I looked at it and back at him. He was young, probably mid-twenties, with wild and wispy black hair and long, pale limbs. He looked to be from Southeast Asia, and when he smiled, just part of his upper lip raised as he stared down at me with dark, kind eyes.

I shook my head slowly, allowing him to take the seat. When he did, he rested an arm on the metal railing behind us and looked out over the water. “Nothing like it, is there?”

I inhaled deeply, trying to pretend I was enjoying the view, rather than obsessing over whether or not my husband had yet noticed my absence. “It’s beautiful.”

He looked back in my direction, his eyes meeting mine in a way that, if we were in a movie, he might’ve whispered, “No, you’re beautiful.” But, we weren’t in a movie and I was twice his age, so instead, he just smirked at me and nodded.

“Where are you from?”

“You wouldn’t have heard of it,” I said simply.

“Try me.” His grin widened.

“Leiper's Fork, Tennessee.”

He stared at me for a moment, so long that I thought he might be going to say that he did, in fact, know my tiny little town. Instead, he grinned finally. “Is that near Nashville?” That was usually the question, because everyone only knew Tennessee because of Nashville or Gatlinburg.

“Sort of,” I said, unable to hide the small smile on my lips. “You? Where are you from?”

“Here,” he said. “Well, Florida. I grew up in Naples; moved to Key West when I graduated.”

I didn’t know if he meant high school or college.

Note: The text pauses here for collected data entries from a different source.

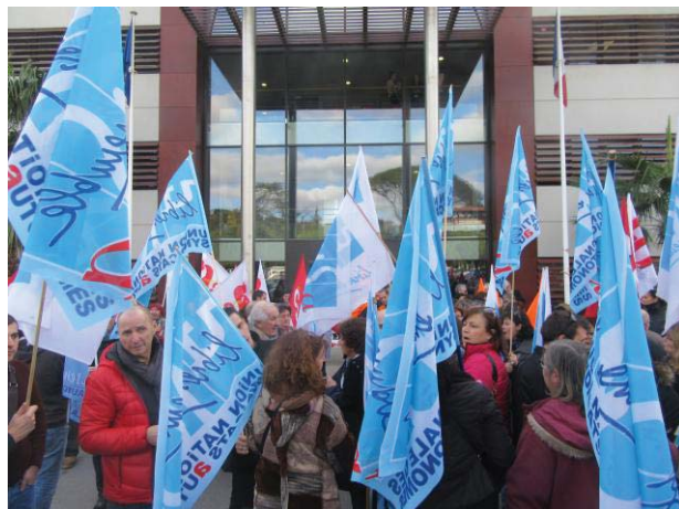
Devant l'Agence Régionale de Santé à Montpellier, le 30 janvier dernier

L'UNSA Santé Sociaux et l'UNSA Territoriaux sont fortement engagées dans ce mouvement social auquel l'UNSA Retraités apporte son soutien comme elle l'avait déjà fait le 30 janvier dernier.
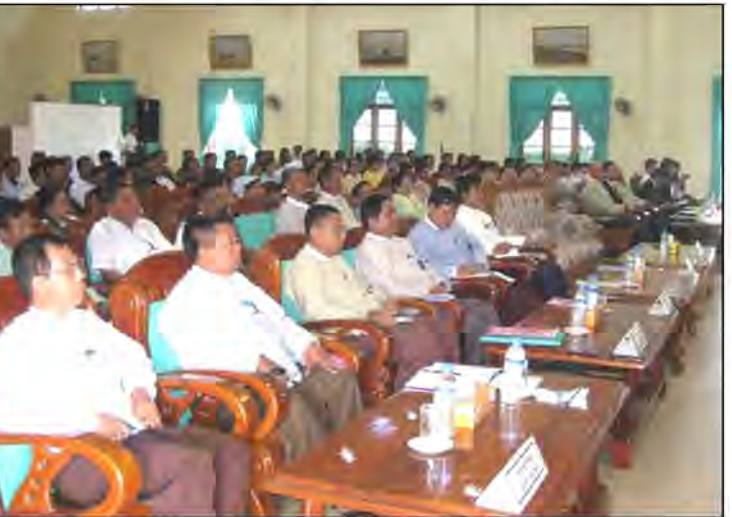
Participants of the Regional Mangrove Coordination Meeting
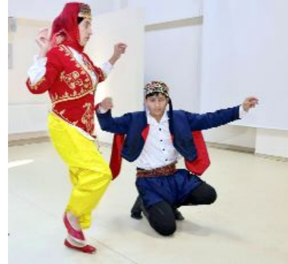
Aile ve Sosyal Hizmetler İl Müdürlüğü tarafından düzenlenen programda, engelli bireyler hünelerlerini sergiledi.
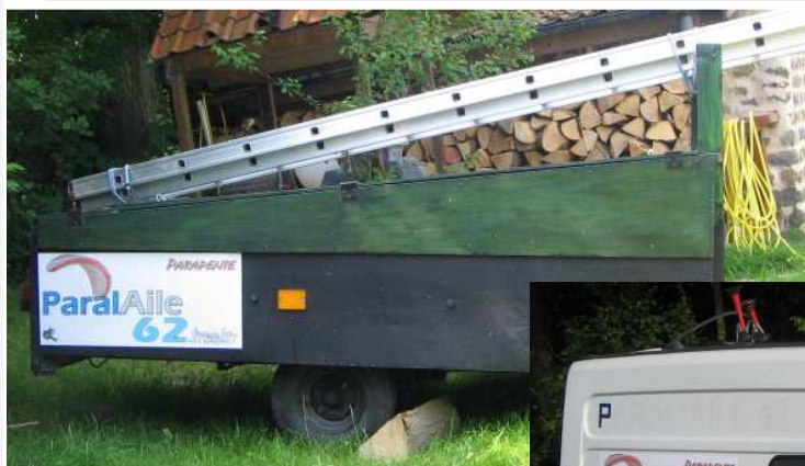
Nouvelle décoration pour la remorque et le treuil
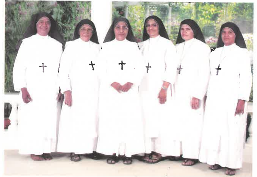
ബഥനി ജനറലേറ്റ് സാരഥികൾ
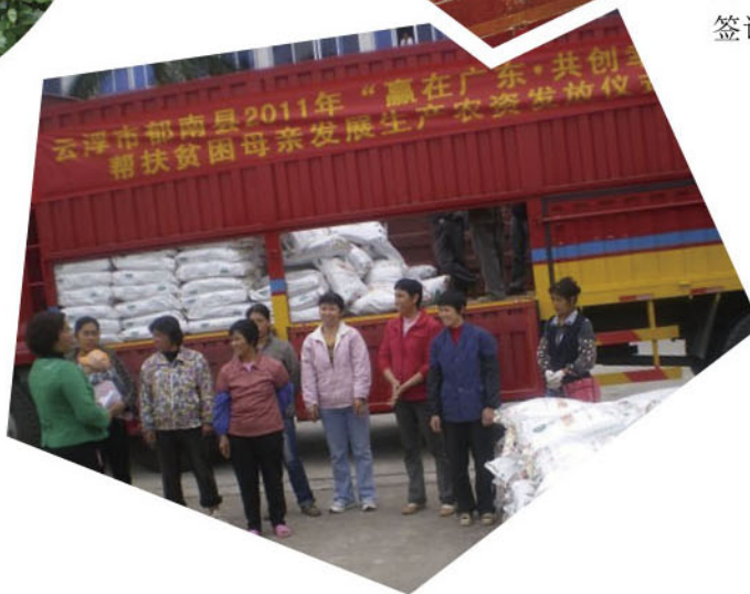
郁南县50多位受助贫困母亲每人获得1吨化肥
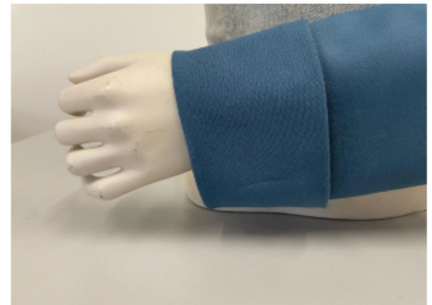
7. Mouwafwerking met manchet op vorm (mouwkap)
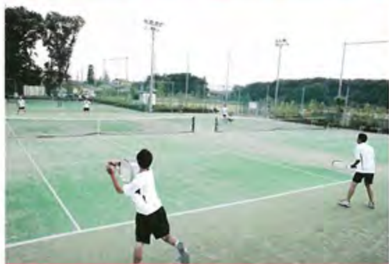
テニスコート 人工芝3面のテニスコート、照明付きです。
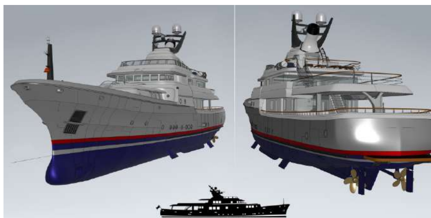
Prua dal design svasato e specchio di poppa a forma di cuore.

Il design dello scafo, la presenza di grandi tender, gli spazi di coperta versatili, e un layout funzionale rendono il Commodore un'efficace imbarcazione da diporto.
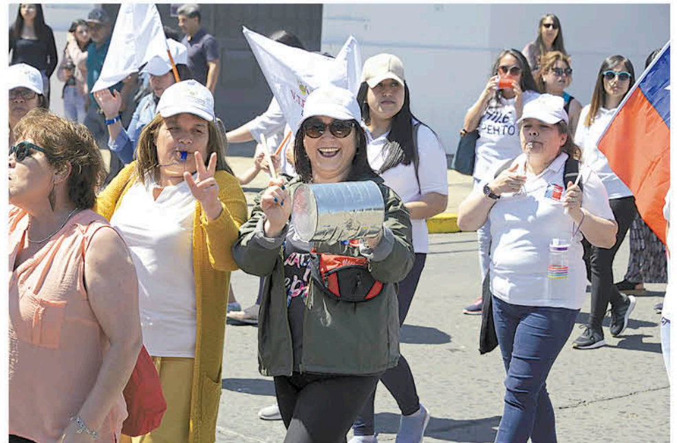
EL GRUPO MARCHÓ POR LAS CALLES del centro de Los Ángeles, topándose con otros movimientos cerca de la Plaza de Armas.
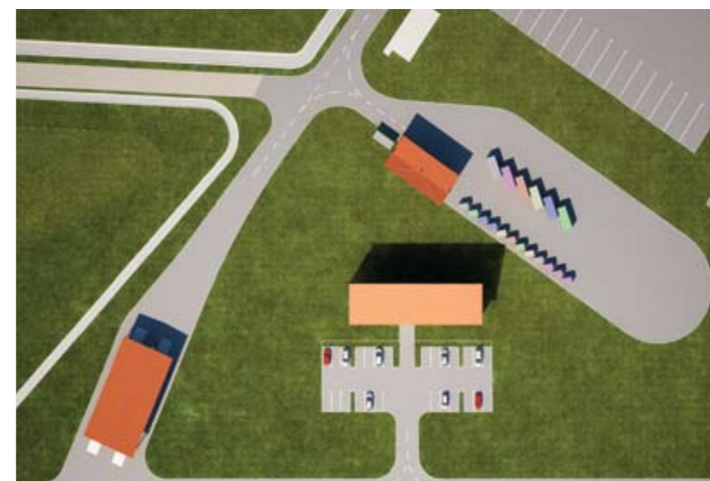
Slika 2: Objekt za MBO Regijskega centra za ravnanje z odpadki Piškornica 3D-prikaz (IPZ Uniprojekt)
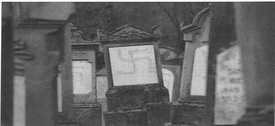
<p>Februari 2019. Met hakenkruisen beschilderde graven op de <span class="keyword">joodse begraafplaats</span> van Quatzenheim, in het noordoosten van Frankrijk. <span class="credit">afp</span></p>

Het principe never forget , de opdracht om de Holocaust niet in de vergetelheid te laten verzinken, hangt samen met het beginsel never again : die tragedie mag zich nooit meer herhalen. Die visie geniet een brede officiële en politieke steun, onder meer via de Verklaring van Stockholm (2000) en haar institutionele verlengstuk, de International Holocaust Remembrance Alliance, waar ook België zich bij aansloot en die geaffilieerd is met de VN.
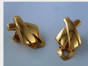
„Kleine Schleife“ C 6001-631 10g (Beispielhaft in vergoldet) 2,0 x 1,5 cm
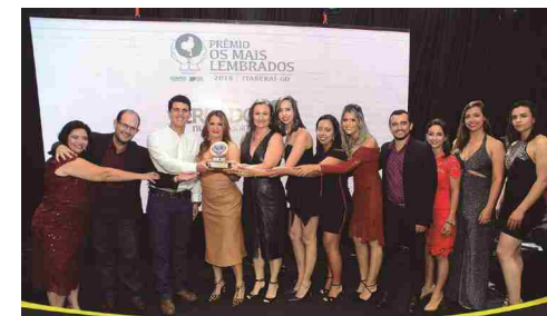
Cerrado Nutrição Animal - indústria de produtos de nutrição animal

“And, let me guess, you’re a lifeguard now?” I gestured toward his plain, white T-shirt and red trunks. All he was missing was a dot of white zinc on his nose.

“Close,” he teased. “I’m an offshore diver.”

“How is that close?”

“Well”—he pulled one leg up under his lap—“instead of saving one life, I save thousands. Without me, this beautiful ocean you’re enjoying would be filled with oil.”

“You’re solely responsible for that, then?” I quipped.

He studied me for a moment too long, and I worried that he hadn’t read my sarcasm, but then the smile returned. “Yep, it’s all on me.”

“Well, I guess thanks are in order, then.” I tipped my drink toward him.

He sighed dramatically, placing his arms back around the railing. “All in a day’s work.”

I laughed, my face burning from his attention. It’s not that I was attracted to him—I was a married woman, after all—but the combination of alcohol and attention I hadn’t seen from a man, any man, in years had me feeling giddy and light. Like the fizz at the top of a champagne flute.

“So, what about you? What do you do?”

I thought for a moment. There was a time when I could’ve answered honestly, proudly. But those days were long gone. Instead of answering, I looked out at the water, realizing for the first time that I’d lost sight of the shoreline in the distance. I tried to shove down the sudden unease at being in the middle of the ocean surrounded by strangers.